Fragen und Antworten

Muss ich jedes persönliche Feedback einzeln formulieren?

Nein. Wenn Sie sich entschieden haben, den Teilnehmern persönliche Feedback-E-Mails zu senden, wird die Seite automatisch die Verknüpfung zwischen den Antworten der User, den Erkenntnissen und der Entscheidung zu einer Feedback-Nachricht zusammenfügen. Auch die Projektadmins erhalten eine solche E-Mail.

Was schreibe ich den Teilnehmern, deren Erkenntnisse abgelehnt wurden?

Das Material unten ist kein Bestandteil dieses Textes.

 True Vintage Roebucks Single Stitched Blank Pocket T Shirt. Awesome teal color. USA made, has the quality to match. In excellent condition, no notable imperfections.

Wir raten sehr dazu, auf jede Erkenntnis einzugehen und zu erklären, warum manche Erkenntnisse angelehnt wurden. Es ist immer besser, sich mit Erkenntnissen auseinanderzusetzen, als sie zu ignorieren. In den meisten Fällen werden die Teilnehmer verstehen, dass dem Projekt gewisse Grenzen gesetzt sind und sie werden es zu schätzen wissen, dass Sie ihren Rat eingeholt und sich damit befasst haben. Daher lohnt es sich, auch die Ablehnung von Erkenntnissen zu erklären.

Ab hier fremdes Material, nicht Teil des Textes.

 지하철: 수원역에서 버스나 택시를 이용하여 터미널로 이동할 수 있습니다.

Warum sollte ich persönliche Feedback-E-Mails verschicken? Ist das obligatorisch?

Das persönliche Feedback ist kein obligatorischer Teil des Projekts. Sie können diese Option abwählen, wenn Sie Ihre Entscheidungen veröffentlichen. Allerdings raten wir Ihnen sehr dazu, Feedback-E-Mails zu verschicken. Ihre Teilnehmer haben Zeit investiert um Ihnen bei der Entscheidung zu helfen. Selbst wenn der Großteil der Ratschläge Ihnen nicht weitergeholfen hat und Sie viele Erkenntnisse ablehnen mussten, sollten Sie die Teilnehmer trotzdem darüber informieren, was aus ihren Beiträgen geworden ist. Indem Sie Feedback-E-Mails verschicken, steigern Sie auch die Bereitschaft der User, sich an der nächsten Konsultation wieder zu beteiligen.

Das Projekt schließen

Sobald die Entscheidungen veröffentlicht sind, wird das Projekt als "geschlossen" eingestuft. Die Teilnehmer können weiterhin alle Erkenntnisse einsehen, die im Zuge der Konsultation gewonnen wurden, aber sie können keine Antworten mehr bearbeiten und keine neuen Erkenntnisse formulieren. Wenn Sie das Projekt ins Archiv verschieben, ist es auf der Webseite nicht mehr sichtbar. Sie können das Projekt auch ganz löschen, sodass es für niemanden mehr zugänglich ist.